Work item:
Write out exactly, excluding pictures, the lines from the one containing "Экс-тренер вратарей ЦСКА" through the end of the data, both included.

[Stored dataset items]
--------------------------------------------------

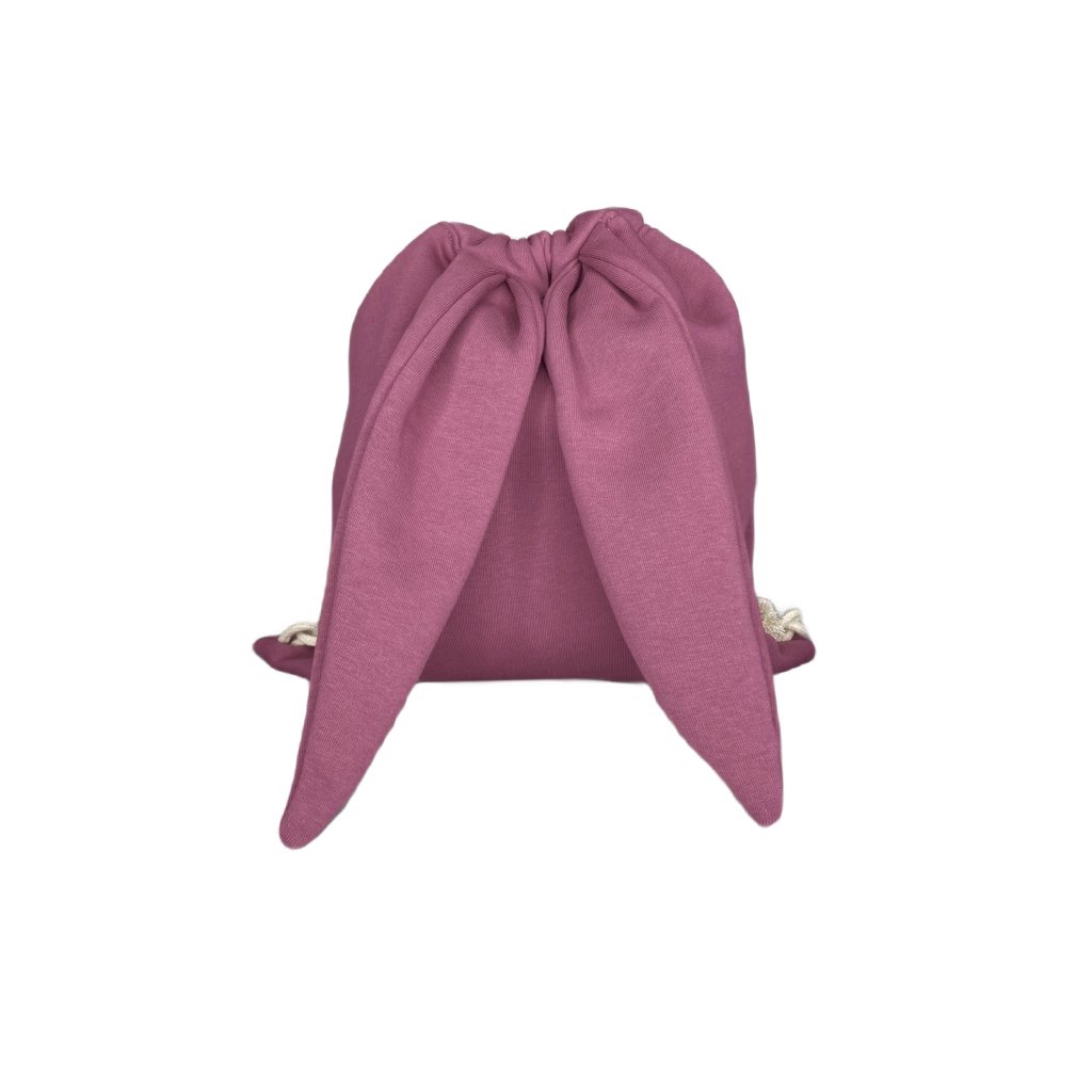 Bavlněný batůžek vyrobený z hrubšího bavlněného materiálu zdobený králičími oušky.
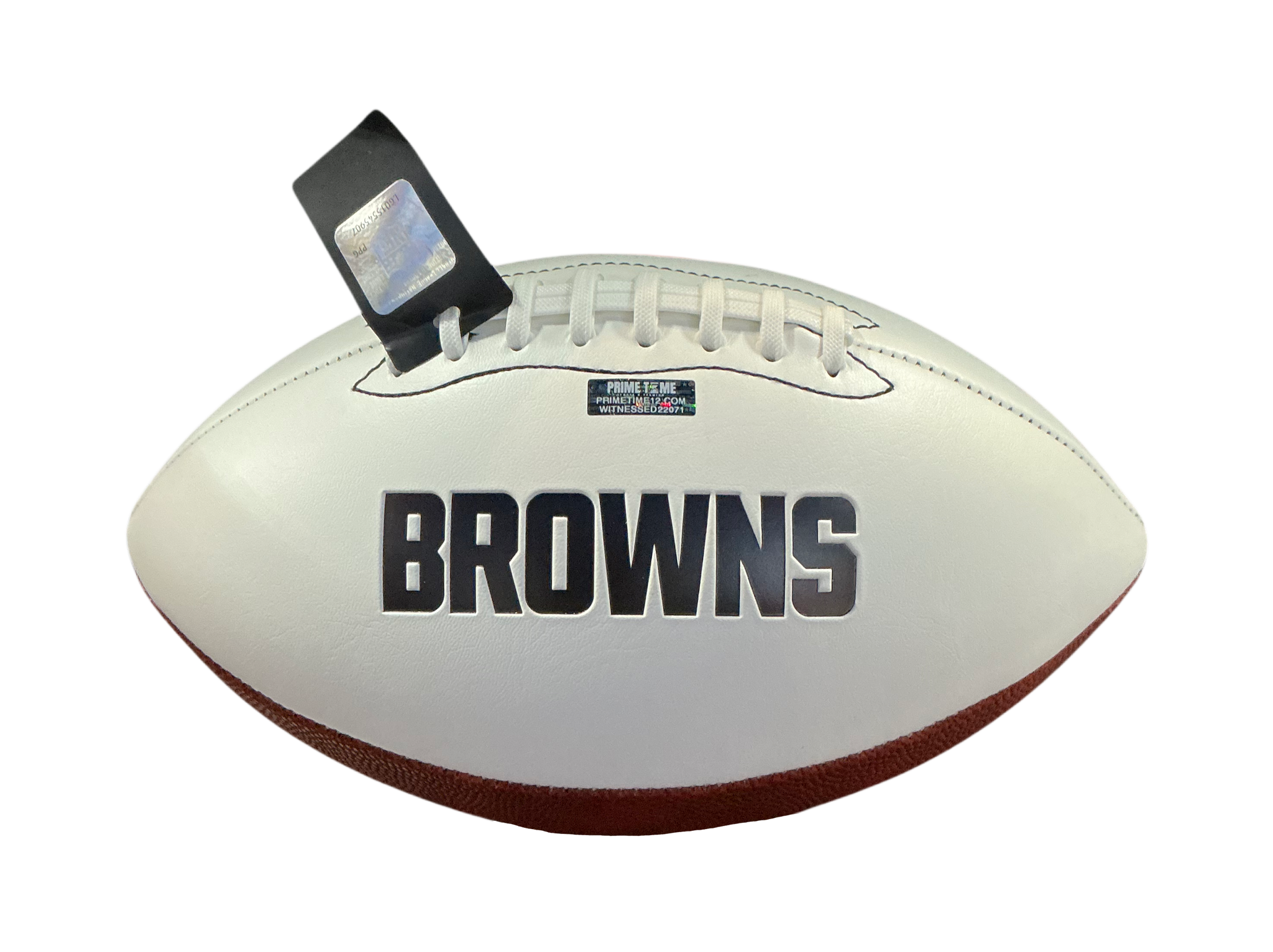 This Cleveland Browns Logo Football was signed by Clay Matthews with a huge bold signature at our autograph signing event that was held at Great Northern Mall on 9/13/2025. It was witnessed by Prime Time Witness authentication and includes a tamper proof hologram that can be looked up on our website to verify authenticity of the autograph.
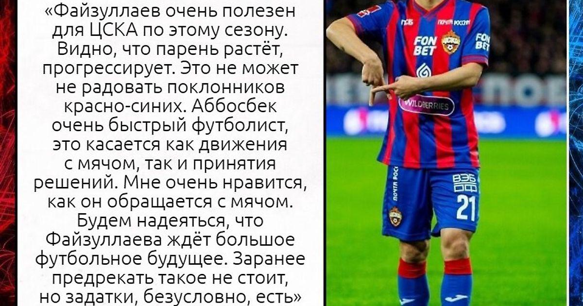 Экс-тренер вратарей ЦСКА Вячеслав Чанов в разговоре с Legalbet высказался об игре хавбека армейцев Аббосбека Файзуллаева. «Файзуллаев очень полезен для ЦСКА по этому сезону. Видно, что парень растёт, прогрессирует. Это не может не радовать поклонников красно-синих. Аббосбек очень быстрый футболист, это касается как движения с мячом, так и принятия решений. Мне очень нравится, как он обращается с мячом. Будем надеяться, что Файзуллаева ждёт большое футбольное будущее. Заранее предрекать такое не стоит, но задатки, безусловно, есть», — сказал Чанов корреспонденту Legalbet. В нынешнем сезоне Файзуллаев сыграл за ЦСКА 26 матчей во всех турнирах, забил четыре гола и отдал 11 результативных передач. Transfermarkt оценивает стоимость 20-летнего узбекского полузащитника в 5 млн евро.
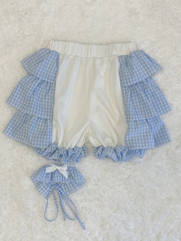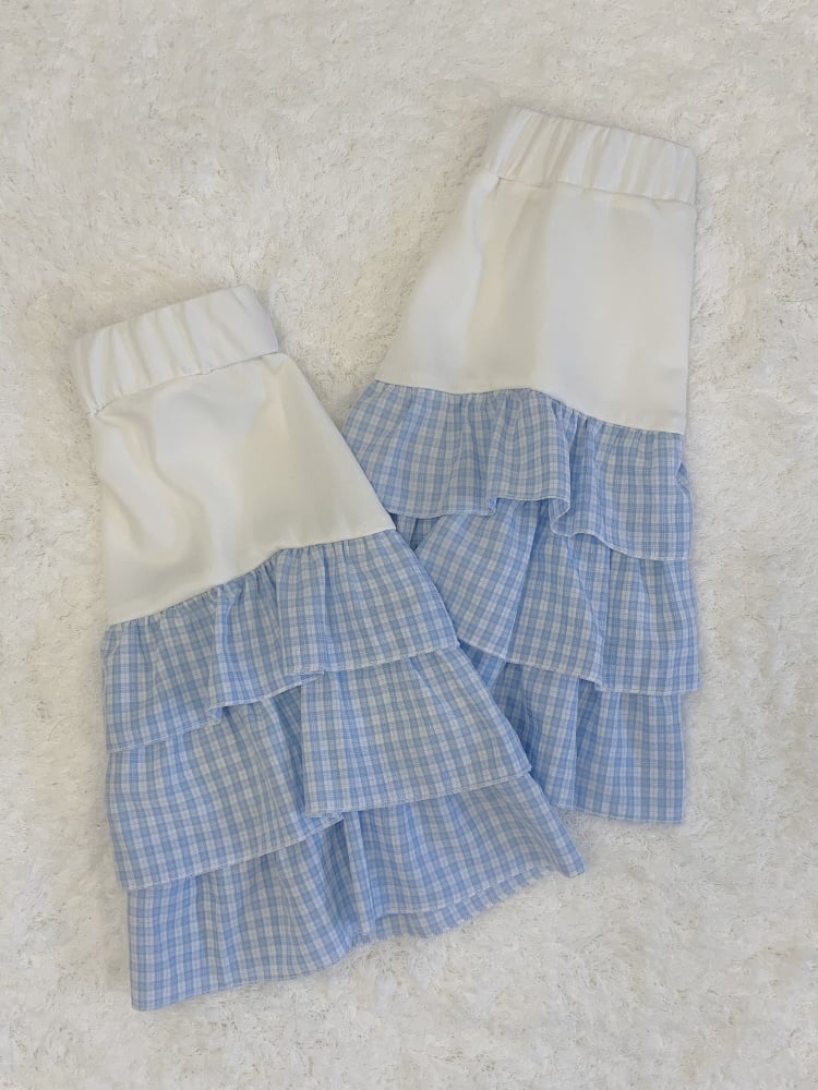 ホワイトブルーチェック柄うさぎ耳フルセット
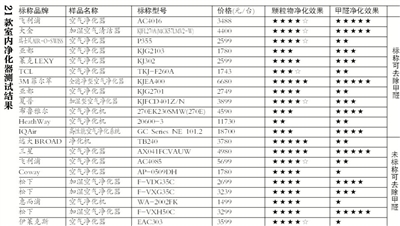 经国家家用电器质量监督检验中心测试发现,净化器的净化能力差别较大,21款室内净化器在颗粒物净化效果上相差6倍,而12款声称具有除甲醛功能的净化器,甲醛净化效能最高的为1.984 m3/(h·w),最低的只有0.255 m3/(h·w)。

--------------------------------------------------

Result:
 Экс-тренер вратарей ЦСКА Вячеслав Чанов в разговоре с Legalbet высказался об игре хавбека армейцев Аббосбека Файзуллаева. «Файзуллаев очень полезен для ЦСКА по этому сезону. Видно, что парень растёт, прогрессирует. Это не может не радовать поклонников красно-синих. Аббосбек очень быстрый футболист, это касается как движения с мячом, так и принятия решений. Мне очень нравится, как он обращается с мячом. Будем надеяться, что Файзуллаева ждёт большое футбольное будущее. Заранее предрекать такое не стоит, но задатки, безусловно, есть», — сказал Чанов корреспонденту Legalbet. В нынешнем сезоне Файзуллаев сыграл за ЦСКА 26 матчей во всех турнирах, забил четыре гола и отдал 11 результативных передач. Transfermarkt оценивает стоимость 20-летнего узбекского полузащитника в 5 млн евро.
 ホワイトブルーチェック柄うさぎ耳フルセット
 经国家家用电器质量监督检验中心测试发现,净化器的净化能力差别较大,21款室内净化器在颗粒物净化效果上相差6倍,而12款声称具有除甲醛功能的净化器,甲醛净化效能最高的为1.984 m3/(h·w),最低的只有0.255 m3/(h·w)。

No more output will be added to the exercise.